John Blanchette: Baylor’s Rem Bakamus, John Jakus know their dancing partner far too well ahead of Gonzaga showdown
SALT LAKE CITY – How do you like your mixed emotions served? Shaken? Stirred?
Layered?
At the edge of a merry Baylor locker room after the Bears bounced Syracuse from the NCAA Tournament on Thursday night, John Jakus pinned himself against a wall and weighed Fate’s idea of the perfect martini.
“This is one of the least-favorite things I’ve ever done in basketball,” he admitted. “I don’t say that lightly, either. But it’s better than going home.”
A few yards away, Rem Bakamus corkscrewed his expression into a modified Debbie Downer and pronounced, “This is going to be weird. It already is.”
Weird, but perhaps more common than ever, thanks to the increasingly tangled branches of the college coaching tree.
Come Saturday afternoon, the Bears and Gonzaga Bulldogs meet for the prize of a spot in the Sweet 16 – trips Jakus and Bakamus shared three years running at Gonzaga when Jakus was part of the basketball staff and Bakamus was the court-jester walk-on whose bench pantomime made YouTube nearly as often as the Zags’ highlights.
This weekend, they locker across the hall with the Bears – Jakus in his second year as an assistant coach, Bakamus a graduate aide who is fending off verbal darts from pretty much all sides.
“He said all the Baylor guys have been giving him mess all week,” reported Jack Beach, Bakamus’ former walk-on compadre at Gonzaga.
And his old teammates?
“Oh, there’ll be some trash talking, for sure,” Beach said.
Second-round company loves misery.
It was about one region into last Sunday’s NCAA Selection Show broadcast that Bakamus’ phone buzzed with a text from Beach predicting that the Zags and Bears would find themselves matched in the same pod out West and destined for a round-of-32 rendezvous.
“But somehow, I just had that feeling all year,” Bakamus said.
The Zags making like a No. 1 seed since November, he meant, and Baylor looking very No. 8-or-9-ish, scuffling through a season rife with injury setbacks and yet still in the hunt for the Big 12 title until the final week.
The old Triple-A ethos – anybody, anywhere, any time – that was a cornerstone in the early days in Gonzaga’s rise to national prominence always had one caveat for head coach Mark Few: He wasn’t going to schedule against his closest friends in the game.
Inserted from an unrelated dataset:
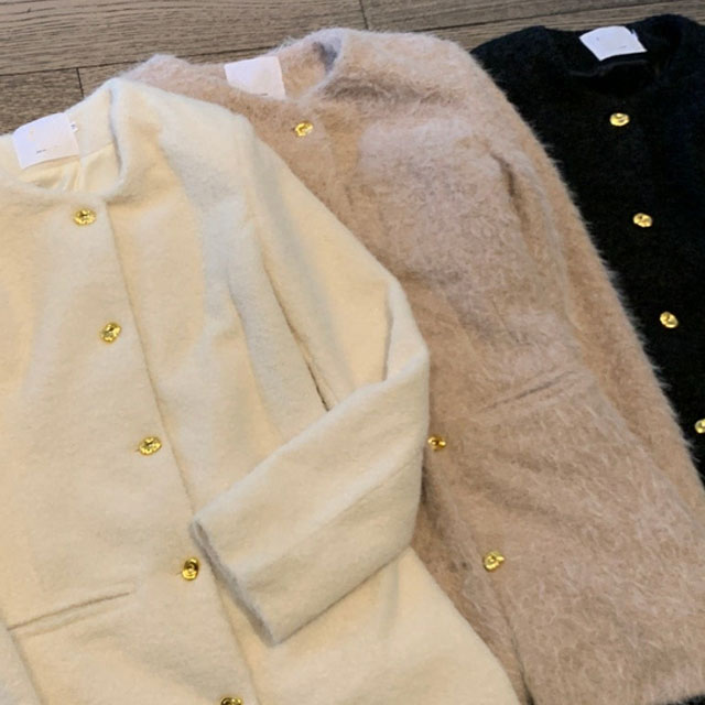 [허리잘록핏!] 금장단추 노카라 긴팔 트위드 하프 울코트&미니원피스 (겨울결혼식 자켓아우터 하객 상견례 키작녀 빅사이즈 통통 크리스마스 연말룩 생일파티 공주 라운드넥 앙고라)

And after three years on Few’s staff, Jakus is certainly that – “an unbelievable person,” Few gushed, “who had a real impact on the program – and me.”
But in the NCAAs, you get who they give you for dance partners. Hence Jakus’ regrets.
“I don’t want them going home,” Jakus said, “and I especially don’t want their kids going home.”
Or, it goes without saying, Baylor’s kids.
Jakus was Gonzaga’s director of operations for three years, a catch-all role in which one major element was statistical analytics. If his predecessor, Jerry Krause, nudged the Zags toward paying attention to metrics, Jakus advanced the agenda considerably.
“He did it in such a way that I could see some real effects,” Few said, “and he helped the players understand the effects of learning from analytics. But he was a very relational guy, too, and that was probably his biggest impact.”
One of the relationships he fostered was with Bakamus.
The son of a legendary high school coach in Longview, Washington, Bakamus said he “resisted the idea of coaching” and after graduation in 2017 worked for Beach’s dad and former GU great Dan Dickau in their Scorebook Live technology startup.
“They were great to me, but I wasn’t going to make it behind a desk,” he said.
So he reached out to Jakus, who noted the Bears get flooded with applicants for graduate assistant openings (“I’ve seen 10-15 this week,” he said).
“I wouldn’t call what I do coaching yet,” Bakamus said, “but I’m trying to prepare.”
He’s also trying to “tone down the bench antics” – it helps that he doesn’t actually sit on the bench, but in the front row behind it – and see the game a little differently.
But it’s hard not to see it from the Gonzaga point of view.
Bakamus said he watched every Zags game this season – “sometimes twice, if I was bored at the office.” Jakus estimated he saw 70 percent and called the Bulldogs “not just good but historically good.”
But his warm feelings for the program go far deeper than numbers.
“I don’t think they’ll ever get enough credit what they’ve done there,” he said. “Their player development, and the wisdom with which they run a program, and fund-raise and lead and engage the community – there’s no better example in the country for doing it right and being rewarded for it.
“It’s remarkable – the way they teach a system and the culture they create in the locker room. It’s not normal. It’s special.”
“Not normal” also applies to the circumstances of Saturday.
“But they wouldn’t have done a very good job with me,” Bakamus said, “if I didn’t want to beat them.”